Statistical Machine Translation of Broadcast News from Spanish to Portuguese

  • Authors:
  • Raquel Sánchez Martínez;João Paulo Silva Neto;Diamantino António Caseiro

  • Affiliations:
  • L2F - Spoken Language Systems Laboratory, INESC ID Lisboa, Lisboa, Portugal 1000-029;L2F - Spoken Language Systems Laboratory, INESC ID Lisboa, Lisboa, Portugal 1000-029;L2F - Spoken Language Systems Laboratory, INESC ID Lisboa, Lisboa, Portugal 1000-029

  • Venue:
  • PROPOR '08 Proceedings of the 8th international conference on Computational Processing of the Portuguese Language
  • Year:
  • 2008

Quantified Score

Hi-index 0.00

Visualization

Abstract

In this paper we describe the work carried out to develop an automatic system for translation of broadcast news from Spanish to Portuguese. Two challenging topics of speech and language processing were involved: Automatic Speech Recognition (ASR) of the Spanish News and Statistical Machine Translation (SMT) of the results to the Portuguese language.

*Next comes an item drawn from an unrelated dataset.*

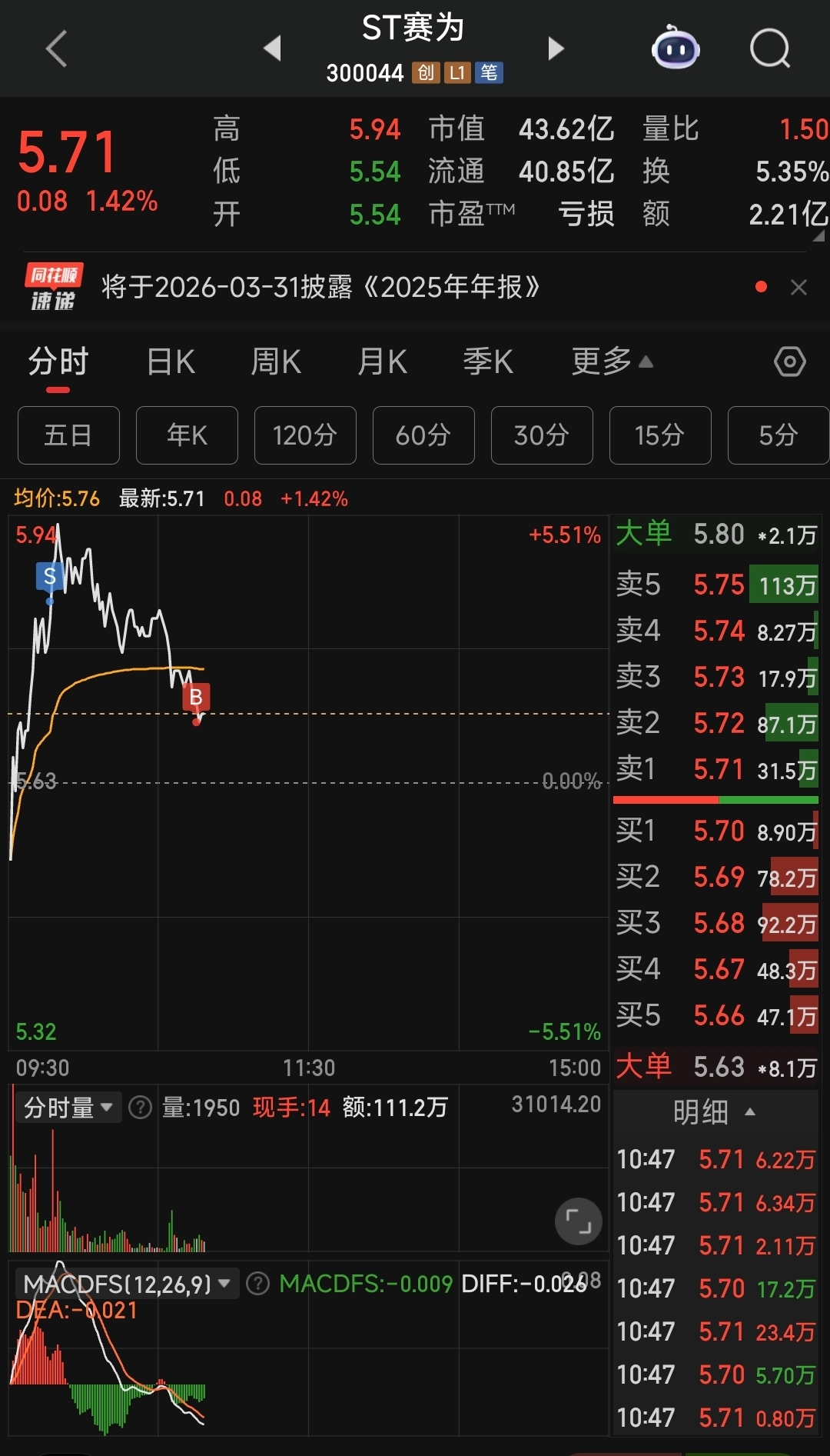 $ST赛为(SZ300044)$ 我就知道要冲高回落

ASR of broadcast news is based on the AUDIMUS.MEDIA system, a hybrid ANN/HMM system with multiple stream decoding. A 22.08% Word Error Rate (WER) was achieved in a Spanish Broadcast News task, which is comparable to other international state of the art systems. Parallel normalized texts from European Parliament database were used to train the SMT system from Spanish to Portuguese. Preliminary non-exhaustive human evaluation showed a fluency of 3.74 and sufficiency of 4.23.